About Us

About the team and the history of the Western Veterinary Acupuncture Group.

Dr Mike Cummings

Mike came across acupuncture by chance when he was a medical officer in the Royal Air Force and was told by the sergeant that the needles could be ordered from the official military medical supplies and that the Queen would pay for his course…

At that time, most of his patients were fit, young, and male, and they presented with muscle pain (myofascial pain – trigger points), which he had previously treated with injection techniques. Finding that these muscle pains seemed to respond just as well to acupuncture, he went on to develop a keen interest in the technique.

Now, as the Medical Director of the BMAS, his roles are in:

  • Education: training regulated health professionals (GPs, nurses, physiotherapists, chiropractors, midwives..) how to use and integrate acupuncture into their own clinical practice
  • Clinical Practice: running the BMAS London Teaching Clinic
  • Evaluating current research: Mike is an associate editor for the Medline listed journal Acupuncture in Medicine; he writes a research blog (the BMAS Blog); and represents the BMAS at academic and political meetings.

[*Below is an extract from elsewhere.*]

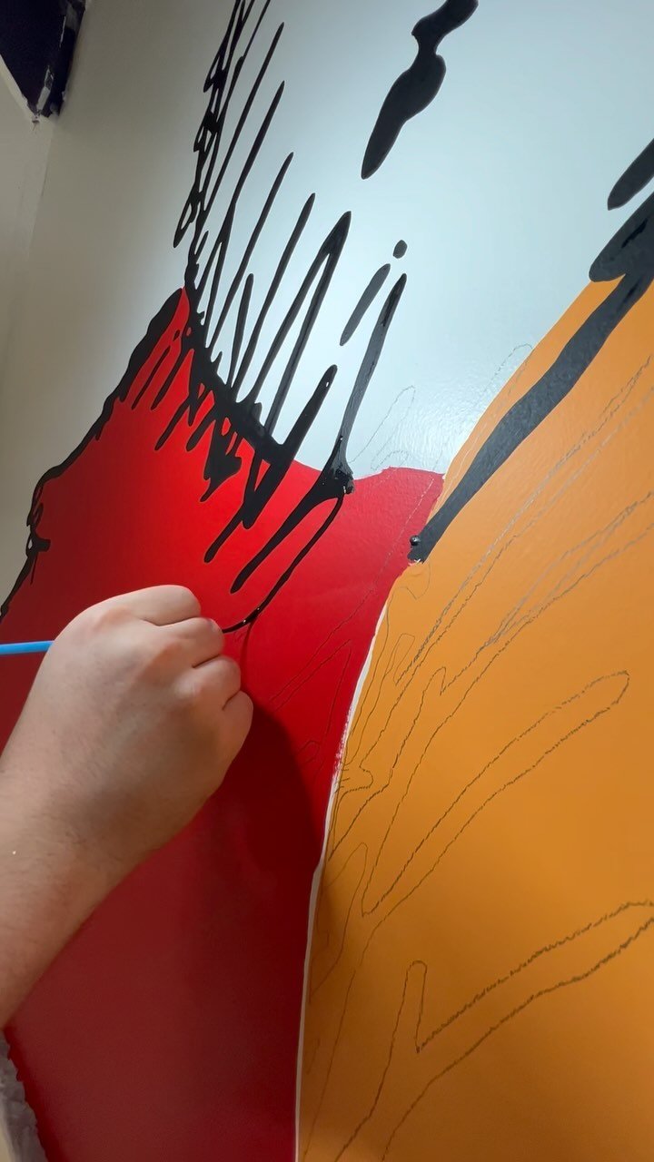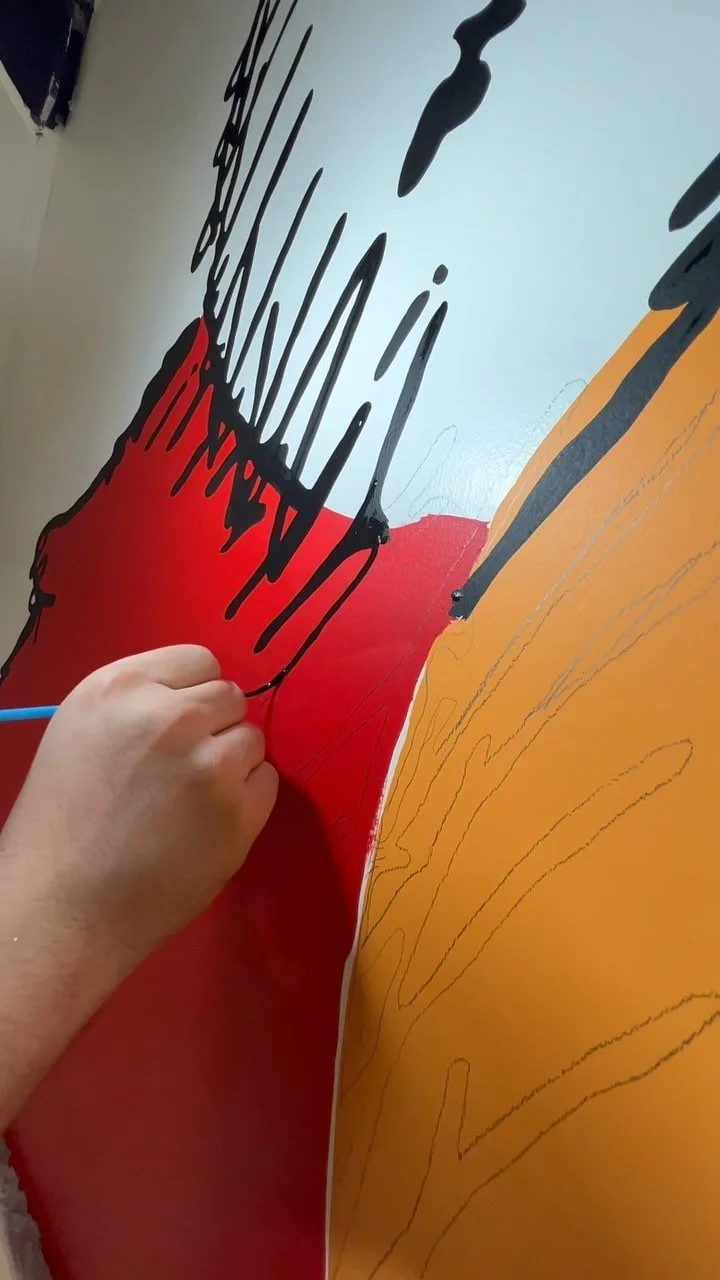 A white table with folded clothing, including gray, black, white, and maroon long-sleeve shirts, with a pink overlay with the text 'THND'. There is a marijuana-themed shirt with a large leaf and a rocky background, a small round container with a cannabis leaf logo, and a lit cannabis joint on the table.
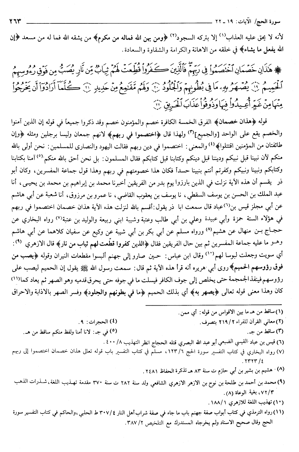 } هَذَانِ خَصْمَانِ اخْتَصَمُوا فِي رَبِّهِمْ فَالَّذِينَ كَفَرُوا قُطِّعَتْ لَهُمْ ثِيَابٌ مِنْ نَارٍ يُصَبُّ مِنْ فَوْقِ رُءُوسِهِمُ الْحَمِيمُ {19} يُصْهَرُ بِهِ مَا فِي بُطُونِهِمْ وَالْجُلُودُ {20} وَلَهُمْ مَقَامِعُ مِنْ حَدِيدٍ {21} كُلَّمَا أَرَادُوا أَنْ يَخْرُجُوا مِنْهَا مِنْ غَمٍّ أُعِيدُوا فِيهَا وَذُوقُوا عَذَابَ الْحَرِيقِ {22} { [الحج: 19-22] قوله:} هَذَانِ خَصْمَانِ { [الحج: 19] الفرق الخمسة الكافرة خصم، والمؤمنون خصم، وقد ذكروا جميعا في قوله:} إِنَّ الَّذِينَ آمَنُوا { [الحج: 17] والخصم يقع على الواحد والجميع، ولهذا قال:} اخْتَصَمُوا فِي رَبِّهِمْ { [الحج: 19] لأنهم جمعان وليسا برجلين، ومثله:} وَإِنْ طَائِفَتَانِ مِنَ الْمُؤْمِنِينَ اقْتَتَلُوا [الحجرات: 9] والمعنى: اختصموا في دين ربهم، فقالت اليهود والنصارى للمسلمين: نحن أولى بالله منكم، لأن نبينا قبل نبيكم، وديننا قبل دينكم، وكتابنا قبل كتابكم.

Mike is also an Honorary Clinical Specialist at the Royal London Hospital for Integrated Medicine, where he supports acupuncture services. His main interests are musculoskeletal pain, and myofascial pain in particular. He has published over 100 papers in the field of  Western medical acupuncture.

How WVAG came to be

Mike started lecturing to the veterinary profession as long ago as 1995. He met Sam (Samantha Lindley) when she asked him to speak at a BSAVA affiliate meeting on the subject of myofascial pain.

At this time, learning acupuncture really meant embracing the ideas and approaches of traditional Chinese Medicine. These are long, complex and, of course, never meant to correlate with western medicine. The BMAS approach of looking at acupuncture from the western scientific viewpoint appealed to Sam, who was trying to get the veterinary profession more interested in the field. Subsequently, she attended a full BMAS foundation course to see whether it would be something her colleagues could learn from. Things took an unexpected turn when she found herself demonstrating and lecturing on BMAS Foundation Courses all over the UK. After about a year of this, Mike simply stated that a similar course should be designed for the veterinary profession.

And so WVAG was born! The Foundation Course was designed, prepared and first presented to and with 36 vets at the Edinburgh (Dick) Vet School in January 2001, during what turned out to be the midst of snow and the foot and mouth crisis.

Samantha Lindley MRCVS

Samantha Lindley currently runs the Chronic Pain Clinic at the Small Animal Hospital at Glasgow Vet School, Scotland.

She started her acupuncture career in 1991 and, a little like Mike, almost by accident. She was then lucky enough to be able to practice on farm and companion animals; farmers; colleagues and friends whilst in practice in Ayrshire – a very traditional Scottish region, but familiar with, and relaxed about, the practice of acupuncture for humans through the work of Jan de Vries who practised there for many years.

After developing the WVAG course with Mike, Sam went onto to develop a full certification course in Western Veterinary Acupuncture and Chronic Pain Management, accredited first through ESVPS and now through Entia.

Parallel with, and vital to, the development of the practice and teaching of acupuncture and chronic pain, has been Sam’s experience in animal behaviour therapy. Her main interests are the clinical causes of behaviour problems, notably pain, but also diet/ gastrointestinal problems, and false pregnancy in bitches.

In the past, legal work pertaining to the various manifestations of the Dangerous Dogs Act, and the welfare of captive wild animals have occupied some of her professional time, travelling to roadside zoos in Canada and investigating circuses in UK and Eire.

Sam has lectured widely on all on of these subjects and continues to lecture the veterinary undergraduates at Glasgow on the subject of animal behaviour and its relationship to clinical disease.

Sam loves to teach and share knowledge and has been recently exploring new ways of engaging audiences in her work with Trimble Group who have produced the online, on demand content for the NEW WVAG Foundation Course.